We’re just saying that - if you believe in the Efficient Market Hypothesis, then we’ve got a bridge to sell you -
A DIFFERENT GAME.
Yesterday, a variable that’s normally inconsequential in the futures markets, grabbed the deck of cards that the WTI Futures Market normally deals, and threw it out the window.
That variable was Storage
Game night continued. The players remained at the table.
But, the game of poker was over.
Catan was the new game -
In the game of Catan, if there’s a even distribution of resources & odds among the players, relatively even trading ensues
If there’s not - and either one player has a monopoly on a resource, or another has not access to that resource - trades become one-sided…
Yesterday, in the WTI Futures Market, a similar situation happened.
Storage was that limited resource.
Some players had it, and some didn’t.
And like ruthless game of Catan, almost no amount cash (Wood) could be traded for storage (a Brick card).
If you’ve played Catan - you know that feeling.
The more you try to negotiate, the higher the cost gets.
You’re negotiating against yourself… there’s no hope.
The price elasticity of Wood - in this hypothetical - is wholly determined to the willingness of the Brick holder(s) to trade. And that player isn’t budging.
Like a trader with open storage in Cushing…

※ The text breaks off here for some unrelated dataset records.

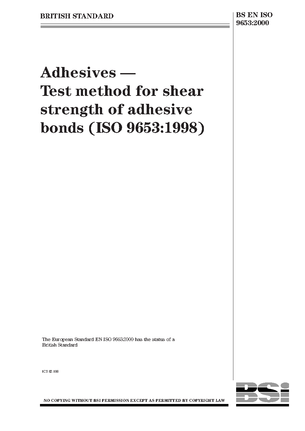 Adhesion tests;Adhesives;Impact testing;Specimen preparation;Shear testing;Testing conditions;Adhesive-bonded joints
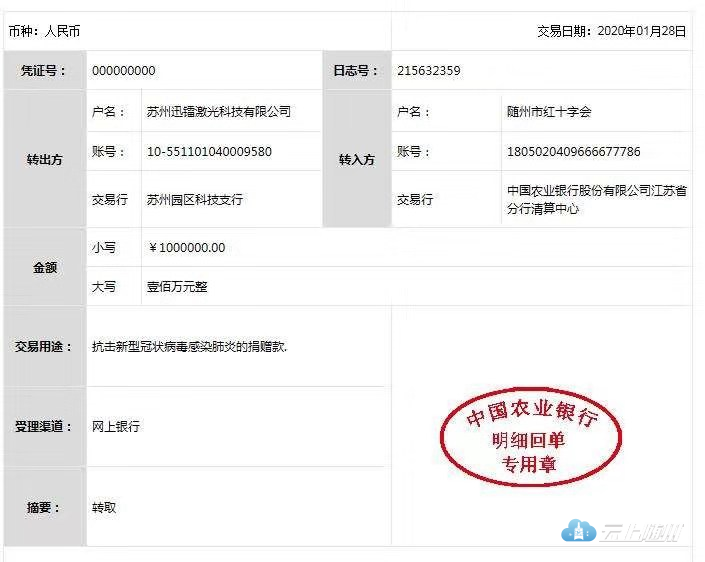 苏州迅镭激光科技有限公司向我市红十字会捐赠100万元现金。该公司捐赠的消毒液8吨,口罩4万只、医用手套15万双、防护眼镜3000副、鞋套4万只、帽子1.8万只等物资于今天抵达随州抗疫一线。 记者:方勇 编辑:刘欣明 责编:钱思雪 审核:陈凡 鲁京京
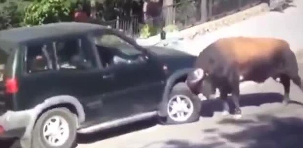 Paura per i passeggeri, toro infuriato incorna la macchina
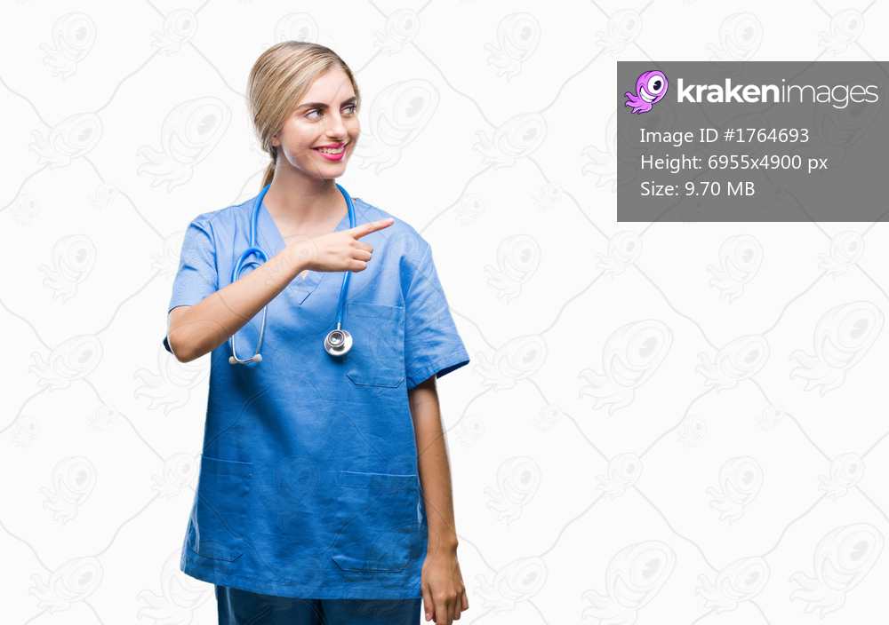 Young beautiful blonde doctor surgeon nurse woman over isolated background cheerful with a smile of face pointing with hand and finger up to the side with happy and natural expression on face looking at the camera. - Kraken Images
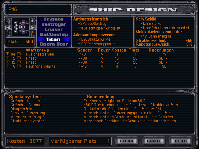 Ich tausche den Partikelstrahl gegen Neutroniumpanzerung und Uridium-Treibstoffzellen, später noch einmal gegen Adamantiumpanzerung.
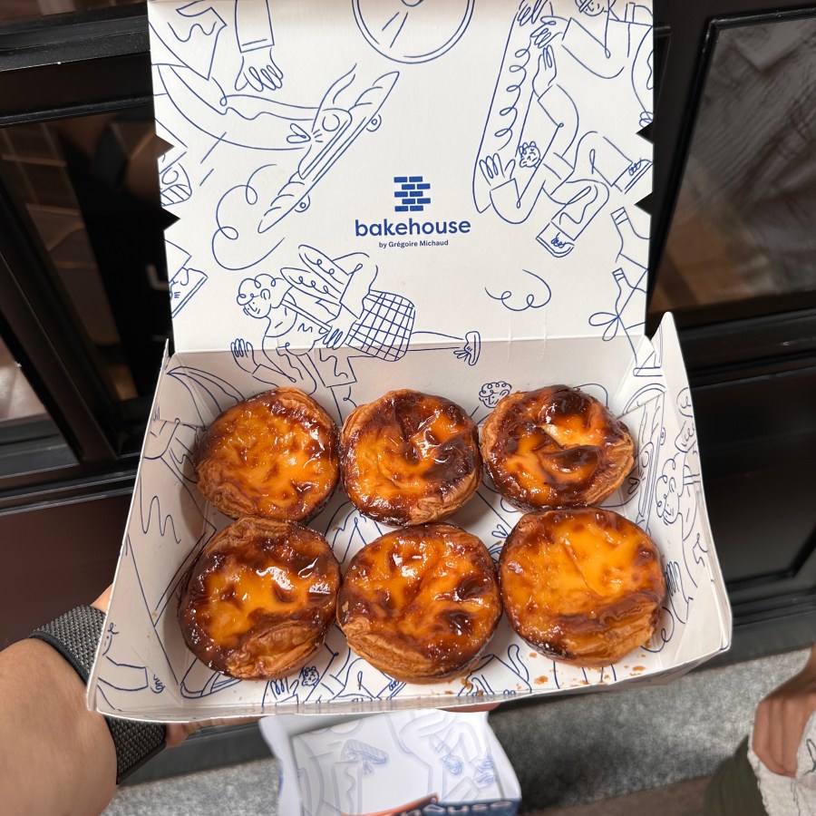 I finally made it to Bakehouse. Although the bakery has several branches across Hong Kong, I visited the Tsim Sha Tsui location first. Unfortunately, their famous sourdough egg tarts had already sold out, and the wait for the next batch was too long. Instead, I opted for the mango sago bolo bao and the salted egg and caramel custard bolo bao. The next day, I managed to stop by the Causeway Bay outlet, where I bought half a dozen of their renowned sourdough egg tarts and a tiramisu danish.

Yesterday - at least one player in the WTI Futures Market showed up ready to play poker…
… and got taken to the cleaners in a lopsided game of Catan -
In terms of risk management, we think a lot about draw-down.
Past & future.
And max draw-down - specifically, the hypothetical max draw-down.
Yesterday, a few risk models probably got blown-up.
For unleveraged equities & commodity futures, zero is your typical / hypothetical bottom.
Even in options, the Black-Scholes pricing model will return an error if the underlying asset has a negative value.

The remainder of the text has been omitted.